## Source material
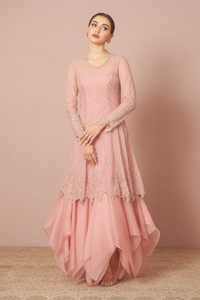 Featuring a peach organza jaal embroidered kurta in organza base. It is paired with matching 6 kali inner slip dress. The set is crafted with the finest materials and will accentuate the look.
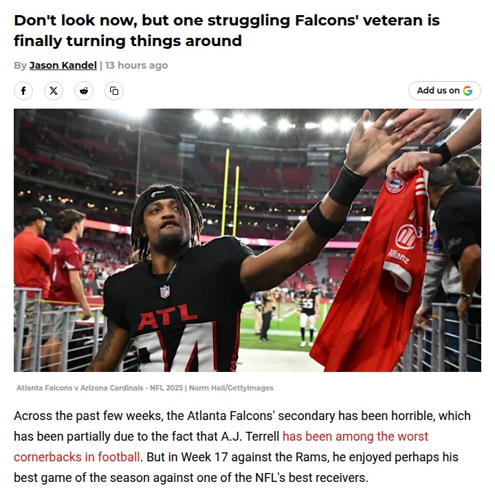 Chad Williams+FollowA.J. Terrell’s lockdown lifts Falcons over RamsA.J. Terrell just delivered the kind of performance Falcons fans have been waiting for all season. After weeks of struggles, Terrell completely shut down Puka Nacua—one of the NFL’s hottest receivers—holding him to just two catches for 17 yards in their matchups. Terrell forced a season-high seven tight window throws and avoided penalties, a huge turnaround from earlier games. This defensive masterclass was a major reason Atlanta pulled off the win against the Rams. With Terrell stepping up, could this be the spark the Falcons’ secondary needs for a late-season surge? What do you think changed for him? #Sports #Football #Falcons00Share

---

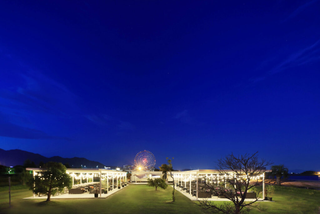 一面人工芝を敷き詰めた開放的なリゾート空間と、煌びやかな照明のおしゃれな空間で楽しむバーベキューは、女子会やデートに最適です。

## Action item
In the entries above, find the line that contains "Featuring a peach organza jaal" and the line that contains "Chad Williams+FollowA.J. Terrell’s". Reproduce exactly those two lines and every line between them, but not the pictures.

## Answer box
 Featuring a peach organza jaal embroidered kurta in organza base. It is paired with matching 6 kali inner slip dress. The set is crafted with the finest materials and will accentuate the look.
 Chad Williams+FollowA.J. Terrell’s lockdown lifts Falcons over RamsA.J. Terrell just delivered the kind of performance Falcons fans have been waiting for all season. After weeks of struggles, Terrell completely shut down Puka Nacua—one of the NFL’s hottest receivers—holding him to just two catches for 17 yards in their matchups. Terrell forced a season-high seven tight window throws and avoided penalties, a huge turnaround from earlier games. This defensive masterclass was a major reason Atlanta pulled off the win against the Rams. With Terrell stepping up, could this be the spark the Falcons’ secondary needs for a late-season surge? What do you think changed for him? #Sports #Football #Falcons00Share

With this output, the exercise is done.